> _Requirement_
An exact reproduction of the records is required. Images must be left out.

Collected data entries

*** Begin section ***

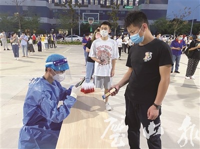 晚上9點,在現場工作人員的統籌調度下,該點位上的核酸采樣工作已接近尾聲。工人們能明顯感覺到此次核酸采樣排隊等候時間縮短了,信息錄入也更方便、更高效了。
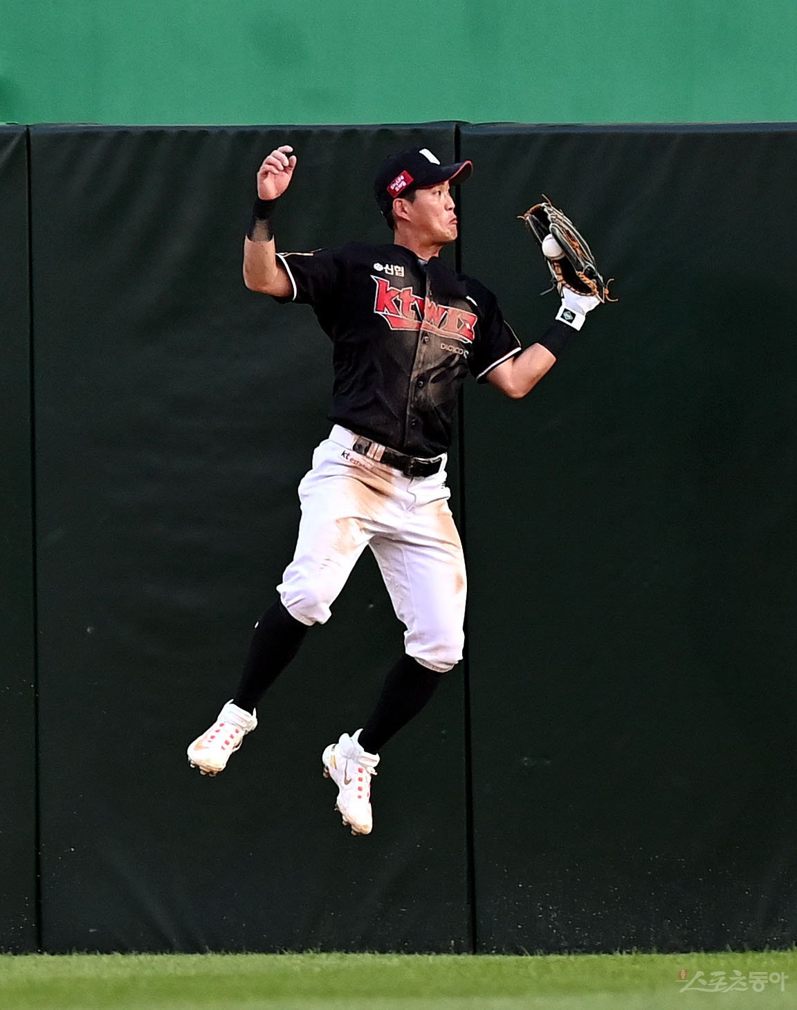 14일 인천 SSG 랜더스필드에서 ‘2023 신한은행 SOL KBO리그’ SSG 랜더스와 kt 위즈의 경기가 열렸다. 3회말 1사에서 kt 배정대가 펜스 앞에서 호수비를 펼치고 있다.
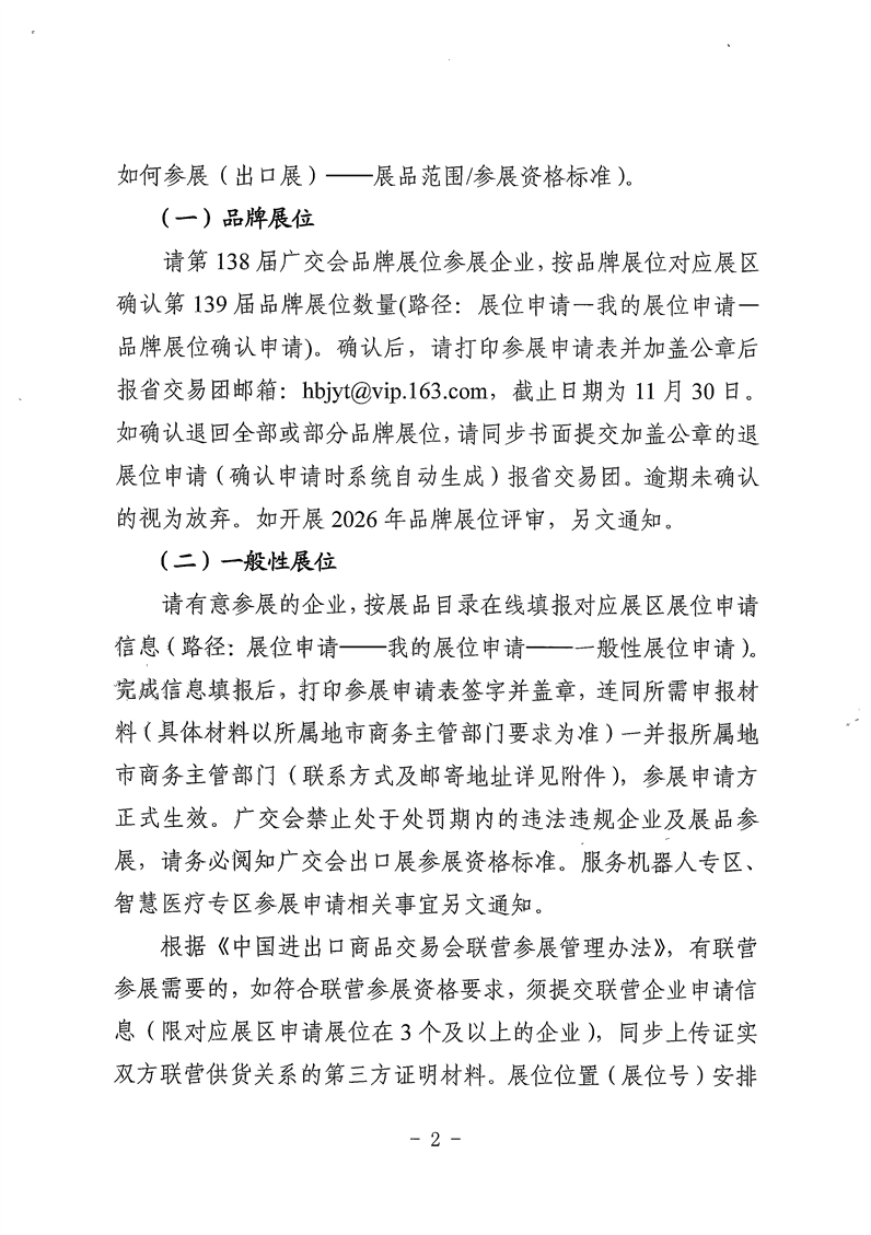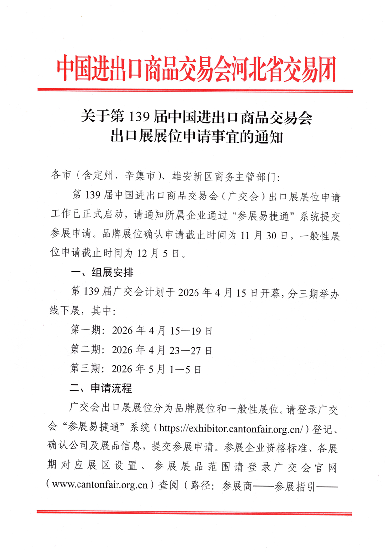 关于第139届中国进出口商品交易会出口展展位申请事宜的通知
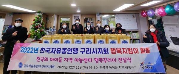 이날 전달식에는 구리시 한국자유총연맹 김석진 회장을 비롯한 회원들과 천국의아이들 지역아동센터 글라라 수녀님이 참석해 각종 먹거리, 겨울용 장갑, 목도리, 텀블러 등이 담겨있는 행복꾸러미 35묶음을 전달하는 행사를 가졌다.
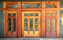 On the west wing of the house, the dining room is surrounded by the terrace and the garden on three sides. According to Gamble House: Greene and Greene, by Edward R. Bosley, the room was designed to offer "nature to the indoors."[4] The entrance of the room is diagonal from the hall with two doors. The doors are decorated with cloud-designed glass panels. The transition from hall to room was designed to provide a sense of "anticipation and discovery".[4]
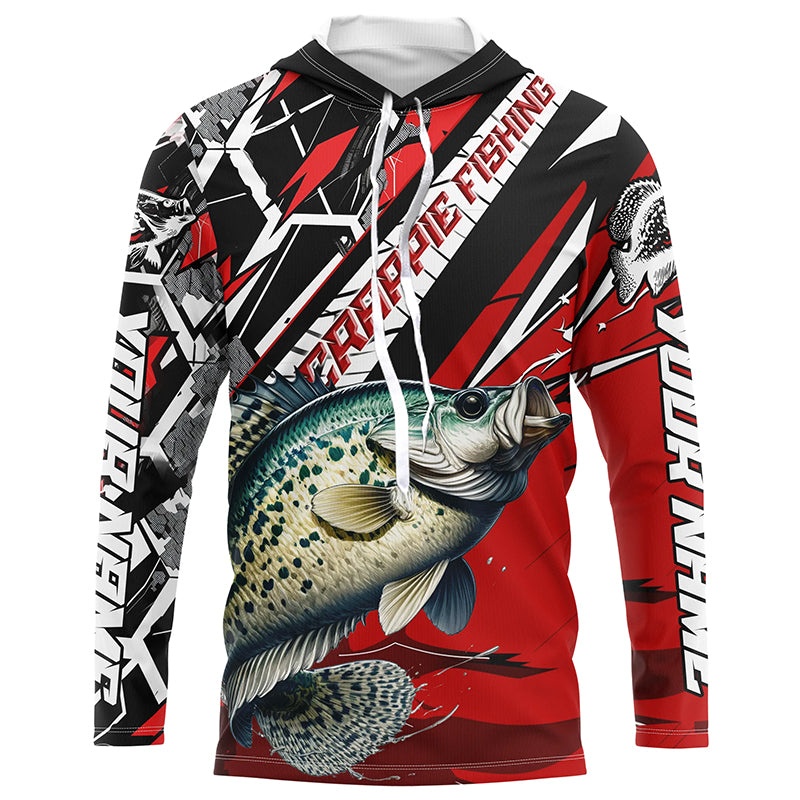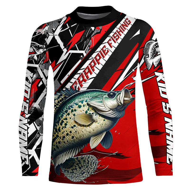 Personalized Crappie Fishing Jerseys, Crappie Long Sleeve Tournament Fishing Shirts | Black And Red IPHW6356
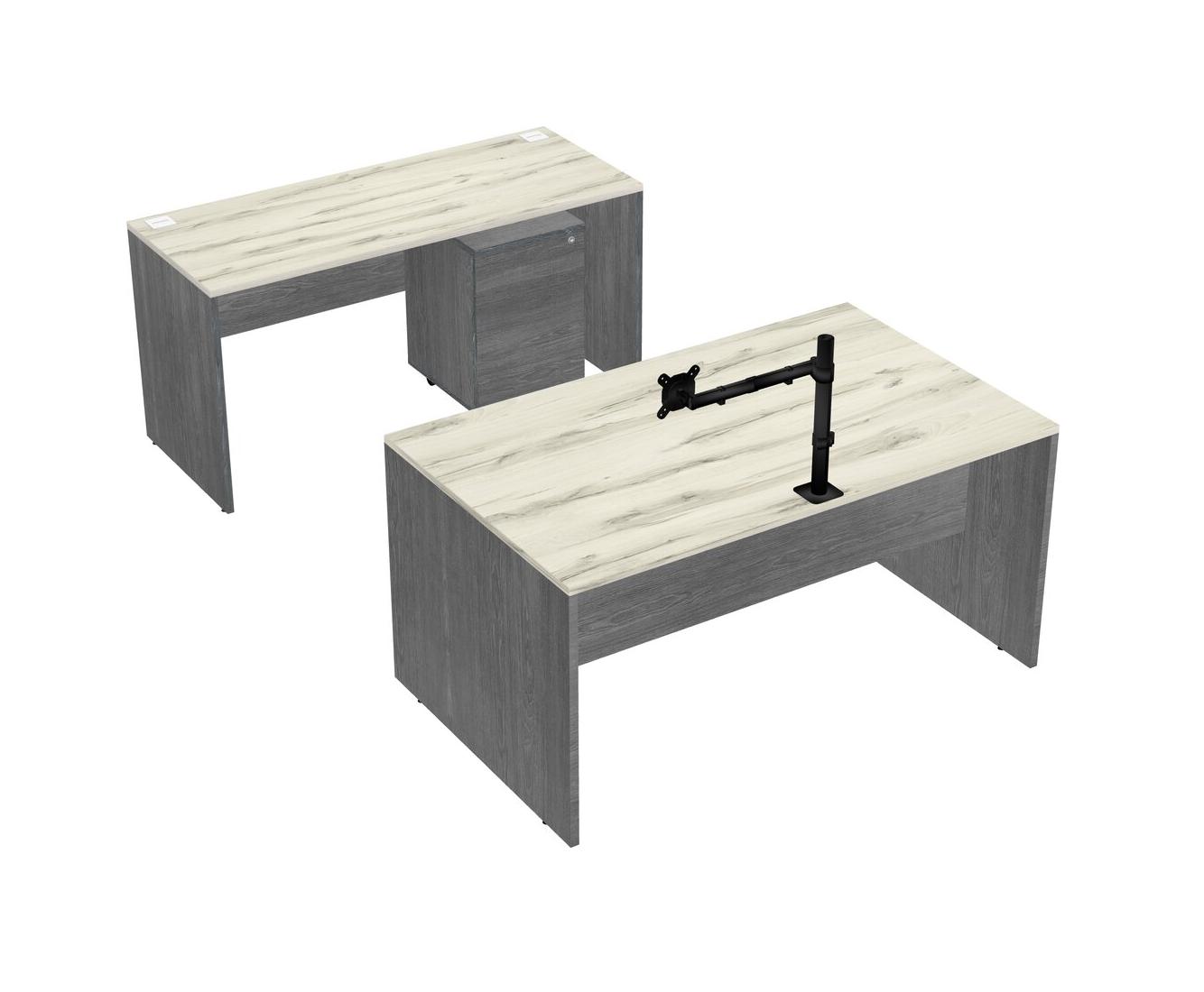 Office Parallel Desk Credenza Desk + Wooden Mobile Drawers + Monitor Arm (single Arm)
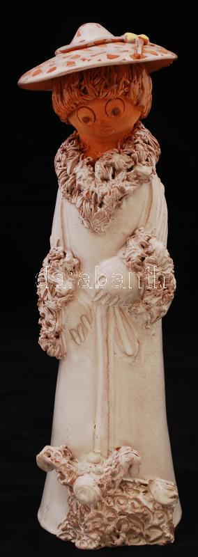 Beschreibung: Antalfiné Szente Katalin (keramikus): Kalapos hölgy. Mázas kerámia, jelzett, lepattanásokkal/
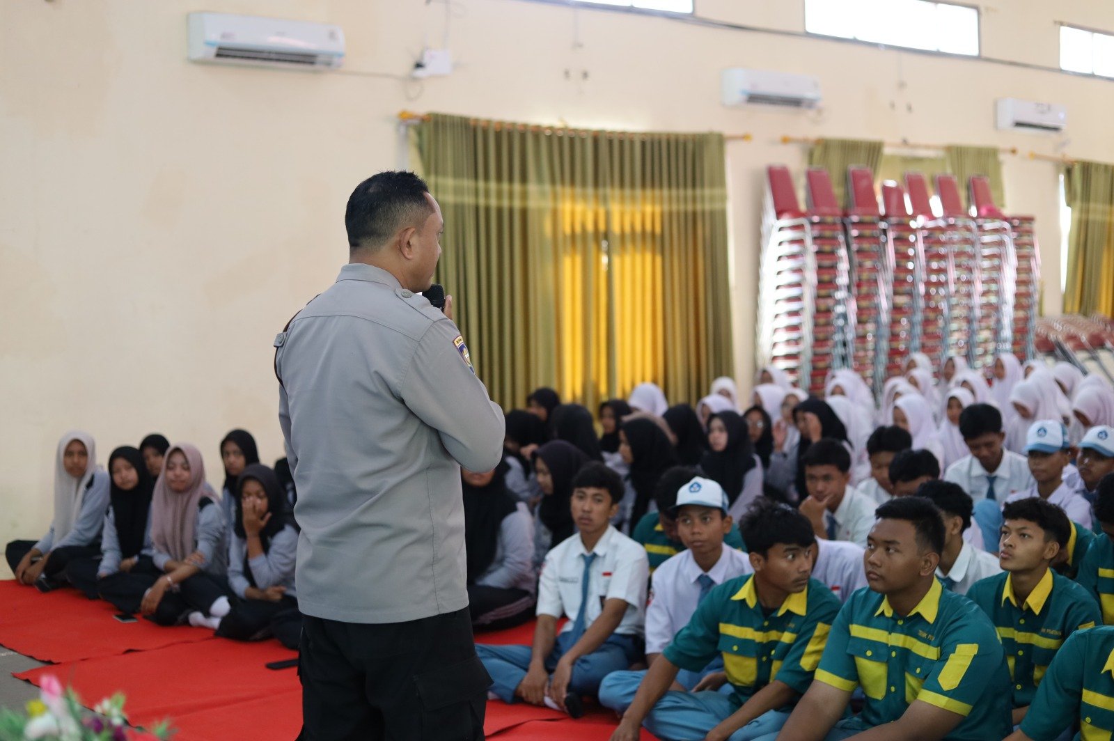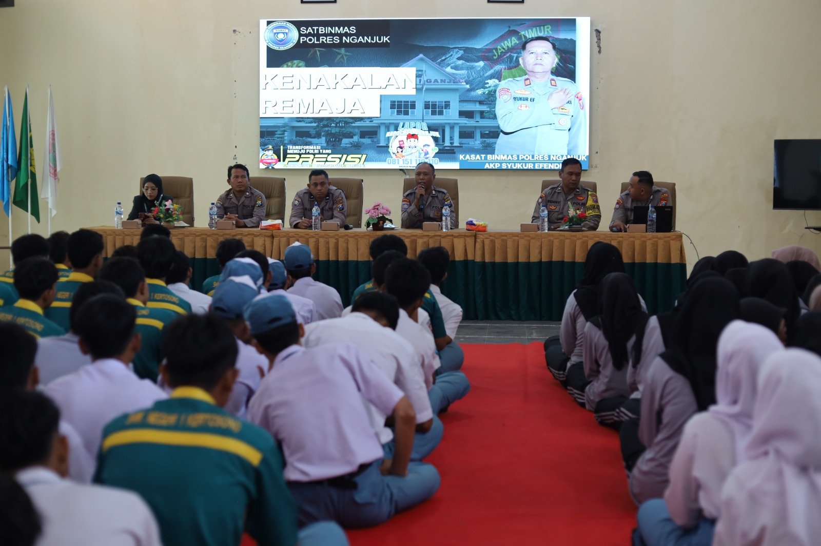 174 Siswa SMKN 1 Kertosono Ikuti Bimbingan Dan Penyuluhan Bahaya Narkoba Dan Kenakalan Remaja Dari Unit Binmas Polres Nganjuk
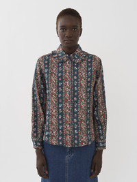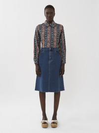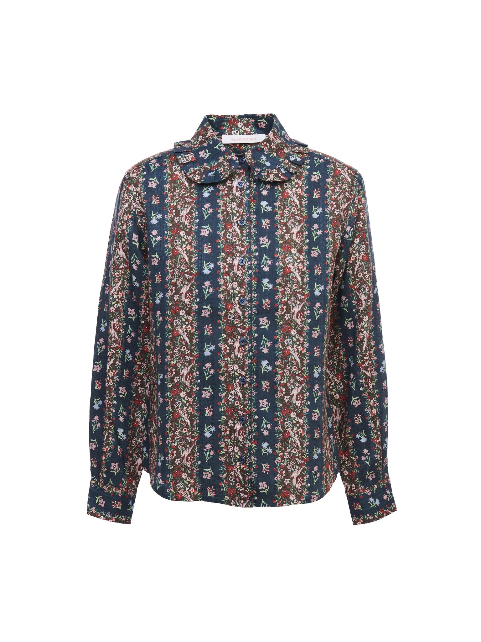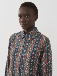 Embellished long-sleeve shirt in a lower-impact linen jacquard with an upholstery-inspired floral stripe print. The ruffled collar lends a feminine finish to this spring piece. PRODUCT DETAILS Printed shirt main material: 100% linen Care: Gentle wash at 90°F (30°C)/Reduced dry clean P Fit: Straight - Embellished shirt - Ruffled collar - Classic long sleeves - Front buttons Linen, hemp and ramie cultivations emit fewer greenhouse gases & require less water compared to other conventional natural fibers, which is why they are considered lower impact materials by nature. Color: Multicolor Blue Item code: CHS23SHT320284ZC
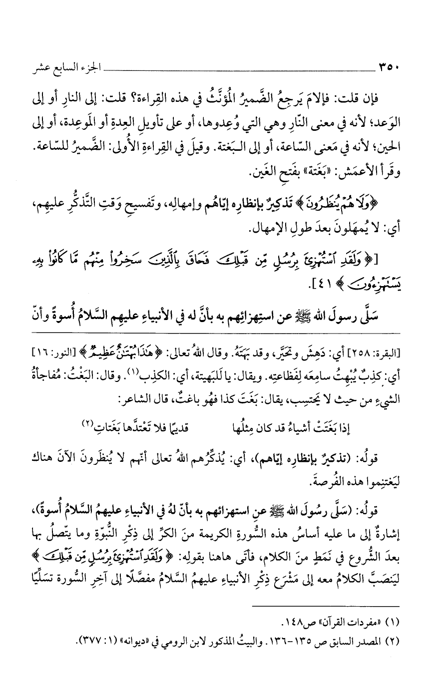فإن قلت: فإلام يرجع الضمير المؤنث في هذه القراءة؟ قلت: إلى النار أو إلى الوعد، لأنه في معنى النار وهي التي وعدوها أو على تأويل العدة أو الموعدة. أو إلى الحين، لأنه في معنى الساعة. أو إلى البغتة. وقيل في القراءة الأولى: الضمير للساعة. وقرأ الأعمش: بغتة، بفتح الغين.

*** End section ***

> _Worked solution_
 晚上9點,在現場工作人員的統籌調度下,該點位上的核酸采樣工作已接近尾聲。工人們能明顯感覺到此次核酸采樣排隊等候時間縮短了,信息錄入也更方便、更高效了。
 14일 인천 SSG 랜더스필드에서 ‘2023 신한은행 SOL KBO리그’ SSG 랜더스와 kt 위즈의 경기가 열렸다. 3회말 1사에서 kt 배정대가 펜스 앞에서 호수비를 펼치고 있다.
 关于第139届中国进出口商品交易会出口展展位申请事宜的通知
 이날 전달식에는 구리시 한국자유총연맹 김석진 회장을 비롯한 회원들과 천국의아이들 지역아동센터 글라라 수녀님이 참석해 각종 먹거리, 겨울용 장갑, 목도리, 텀블러 등이 담겨있는 행복꾸러미 35묶음을 전달하는 행사를 가졌다.
 On the west wing of the house, the dining room is surrounded by the terrace and the garden on three sides. According to Gamble House: Greene and Greene, by Edward R. Bosley, the room was designed to offer "nature to the indoors."[4] The entrance of the room is diagonal from the hall with two doors. The doors are decorated with cloud-designed glass panels. The transition from hall to room was designed to provide a sense of "anticipation and discovery".[4]
 Personalized Crappie Fishing Jerseys, Crappie Long Sleeve Tournament Fishing Shirts | Black And Red IPHW6356
 Office Parallel Desk Credenza Desk + Wooden Mobile Drawers + Monitor Arm (single Arm)
 Beschreibung: Antalfiné Szente Katalin (keramikus): Kalapos hölgy. Mázas kerámia, jelzett, lepattanásokkal/
 174 Siswa SMKN 1 Kertosono Ikuti Bimbingan Dan Penyuluhan Bahaya Narkoba Dan Kenakalan Remaja Dari Unit Binmas Polres Nganjuk
 Embellished long-sleeve shirt in a lower-impact linen jacquard with an upholstery-inspired floral stripe print. The ruffled collar lends a feminine finish to this spring piece. PRODUCT DETAILS Printed shirt main material: 100% linen Care: Gentle wash at 90°F (30°C)/Reduced dry clean P Fit: Straight - Embellished shirt - Ruffled collar - Classic long sleeves - Front buttons Linen, hemp and ramie cultivations emit fewer greenhouse gases & require less water compared to other conventional natural fibers, which is why they are considered lower impact materials by nature. Color: Multicolor Blue Item code: CHS23SHT320284ZC
فإن قلت: فإلام يرجع الضمير المؤنث في هذه القراءة؟ قلت: إلى النار أو إلى الوعد، لأنه في معنى النار وهي التي وعدوها أو على تأويل العدة أو الموعدة. أو إلى الحين، لأنه في معنى الساعة. أو إلى البغتة. وقيل في القراءة الأولى: الضمير للساعة. وقرأ الأعمش: بغتة، بفتح الغين.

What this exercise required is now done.